An Edict From My Death Bed
How foolish was I? One after another of my associates came down with flu, bronchitis, and the such and I thought it would all pass me by. Surely, I took precautions: I didn't kiss on the lips, washed my hands regularly, and looked into the distance when addressed. When "the plague" started in full force I homed in on old remedies like having my corset tightened and fresh ringlets shaped in my hair.
Alas, IT struck me yesterday and I couldn't even reply in kind when one wag said, "Nothing can fell an Battleaxe like you". Battleaxe, indeed. If I had had the strenth to lift my fan, I would have slapped her.

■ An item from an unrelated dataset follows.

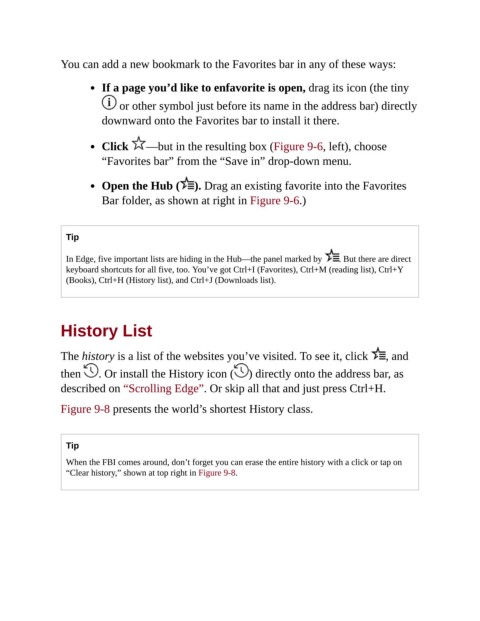 In Edge, five important lists are hiding in the Hub—the panel marked by . But there are direct

Nevertheless, while being attended by favored Ladies is Waiting, I issue this edict: The entire court is summoned on Sunday to celebrate the birthday of one of my favorites, Ray, bartender to the Latino stars. He likes sex toys, scanty clothing, and gift certificates.
3 Comments:
I feel your pain, Alexis. Both of us to the manor born and still struck down by the common cold.
Uncle Alexis,
Feel better!!! I'll try to cook up some chicken soup for you, but don't know how I'd ship it to Miami! Maybe Aunt Hadassah can make you up a bowl? :-) You're in my thoughts - get better soon!!
An edict from Mrs. Astor is like a call to arms...you report or are considered a deserter. Will have to bring some "Asopado de Pollo" for you to stay healthy. At least there is time to find an appropriate gift. (Or should that be an inappropriate one?). Hope you are feeling better.